KF: I haven’t done actual animation work on my phone. Honestly, these days I don’t animate myself. I leave that to people who are much more skilled than I am.

CF: Well, you’re also the boss.

KF: I’m definitely lucky to be working with so many talented people. The part I like the most is doing the ideas. I feel like it’s idea-driven work I do, and that’s the most fun. I love a good visual pun. An “a-ha” moment. You know what I love about what I do? It’s all about metaphors: taking a bigger story, a tone, and distilling it.

Boardwalk Empire

CF: In my opinion, the Boardwalk Empire titles you did are the Citizen Kane of contemporary title sequences.

KF: Sacrilege!

CF: It’s so poetic and surreal with the endless bottles floating in the sea off the Jersey Shore. But what I loved about Boardwalk Empire’s titles is in them you told the entire story, but from another angle. It’s almost like a Greek chorus.

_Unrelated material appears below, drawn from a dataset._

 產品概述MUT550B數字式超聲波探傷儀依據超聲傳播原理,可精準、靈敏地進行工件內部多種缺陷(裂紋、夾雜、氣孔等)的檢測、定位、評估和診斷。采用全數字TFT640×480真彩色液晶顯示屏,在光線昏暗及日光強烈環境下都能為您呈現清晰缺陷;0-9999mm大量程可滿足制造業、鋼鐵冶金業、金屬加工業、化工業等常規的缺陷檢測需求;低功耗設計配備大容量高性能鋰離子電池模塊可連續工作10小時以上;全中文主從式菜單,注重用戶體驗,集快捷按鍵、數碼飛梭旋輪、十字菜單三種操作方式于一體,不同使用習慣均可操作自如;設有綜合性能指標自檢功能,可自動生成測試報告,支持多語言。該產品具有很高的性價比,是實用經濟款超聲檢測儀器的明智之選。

KF: I love that metaphor. I love when a title sequence provokes more questions than answers. Especially, because it’s different for film and television, honestly. For television, hopefully the show lasts many seasons and unfolds over time. In film, it does that on a different level, taking you from the beginning to the end. It’s nice to create something; maybe it doesn’t make complete sense until you get to a certain point because that’s the most satisfying thing about a project. Maybe the viewer needs a couple of seasons to understand what happens in the title sequence.

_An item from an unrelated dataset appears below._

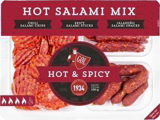 spicy salami sticks: grisekød/griskött, grisefedt/grisfett, geleringsmiddel/geleringsmedel (e401), salt, krydderier/kryddor (sød/söt paprika, peber/peppar, chilipeber/chilipeppar) glukose/glukos, gærekstrakt/jästextrakt, antioxidant/antioxidationsmedel (e316),aromaer/aromer, paprikaekstrakt/paprikaextrakt, krydderiekstrakter/krydderextrakt, stabilisator/stabiliseringsmedel (e509), farge/färgämne (e120), konserveringsmiddel/konserveringsmedel (e250), starterkultur/startkultur.

CF: Often, titles are discussed like they’re a mini-movie – an amuse-bouche of everything that happens in the narrative.

KF: Amuse-bouche is a good way to put it. You know, as a title designer, it really is about the devil being in the details. You just labor over these things. You have such a finite amount of time. It’s work akin to poetry. Every little word counts – when you do it right, that is.

CF: I think people skip title sequences unless there’s real artistry involved.

KF: That’s the thing! You have to make them compelling enough so people don’t skip them. That’s the challenge.